There is no right thing to do, no material perfection to attain. There is only the command to be here now. I guess this is ultimately what I am trying to get at, that women have some power to throw aside this patriarchal bullshit. So often we hold ourselves hostage to these rules we think are out there because we want so desperately to feel some sense of power and control over our lives. We think if the laundry is done and folded just right and our body is the right size and shape and our children are excelling in the right activities that we can somehow earn our right to be here. That is the trick the patriarchal devils play on us. They make us believe we are fundamentally unworthy and at fault. If we had done things right there wouldn’t have been an abuser or an alcoholic parent or a partner that left us. I like to think Jesus called bullshit on that.

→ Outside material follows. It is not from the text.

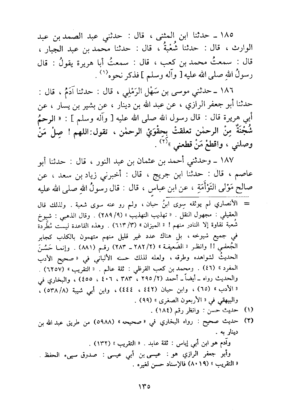 186 - حَدثنِي مُوسَى بن سهل الرَّمْلِيّ، قَالَ: حَدثنَا آدم، قَالَ: حَدثنَا أَبُو جَعْفَر الرَّازِيّ، عَن عبد الله بن دِينَار، عَن بشير بن يسَار، عَن أبي هُرَيْرَة قَالَ: قَالَ رَسُول الله - صَلَّى اللَّهُ عَلَيْهِ وَسَلَّم َ -: " الرَّحِم شجنة من الرَّحْمَن تعلّقت بحقوي الرَّحْمَن، تَقول: اللَّهُمَّ! صل من وصلني، واقطع من قطعني ".

The corollary is that we can’t cast out these devils alone. For me the message of Easter is that God wants to help us without any conditions other than be. here. now. He gives that message to Mary. He tells Martha not to shame her sister, but to join her. The ultimate commandment is to love one another, and even if Jesus and God are not your thing, I hope you will be with me on this much: if we want to cast out our devils we must have compassion for ourselves and for all the other women who are struggling. Black, white, or brown; rich or poor; gay or straight; co-sleeping or sleep training; breast or bottle; and, all the other shit (significant and insignificant) that we allow to divide us—we need to stop that madness and support one another.
At the moment I lost my cool in the middle of that crowded church I felt completely and utterly alone. If another woman had stopped me and said “I know. It’s hard. You got them all dressed up and here on time. You done good, and you don’t have to do anything more.” I think I would have been OK. But it didn’t happen. And it rarely ever does. We stay in our cocoons, pretend we don’t see these little moments of daily struggle. I am as guilty as anyone, but I want that to change. If I can show more compassion for others, maybe I can learn to have that same compassion for myself and stop wasting so much time folding the fucking towels.
For my part, I’m going back to my roots and gathering inspiration from the counter cultural women of my Catholic faith: from medieval mystic Margery Kempe, who freed herself from the strictures of middle-class marriage, preached the gospels, wrote the first autobiography in English, and had sex with Jesus (no joke. read her book.) to the Nuns on The Bus, who fight for social justice across the U.S., and Sister Helen Prejean, who never tires in her fight against capital punishment. These are women who call bullshit on society’s way of doing business. Women fighting the good fight. More of this please.
I’m not a nun. I’m not Gloria Steinem or Angela Davis either. But I can break the cycle of patriarchal bullshit in small ways, by reaching out to the women I see every day and letting them know that they can put down the makeup brush, the mop, the spatula, the baby carrier, and the boardroom notepad—whatever perfection they are seeking—and reach out for that human support we all need so much so that we don’t feel alone in the crowd.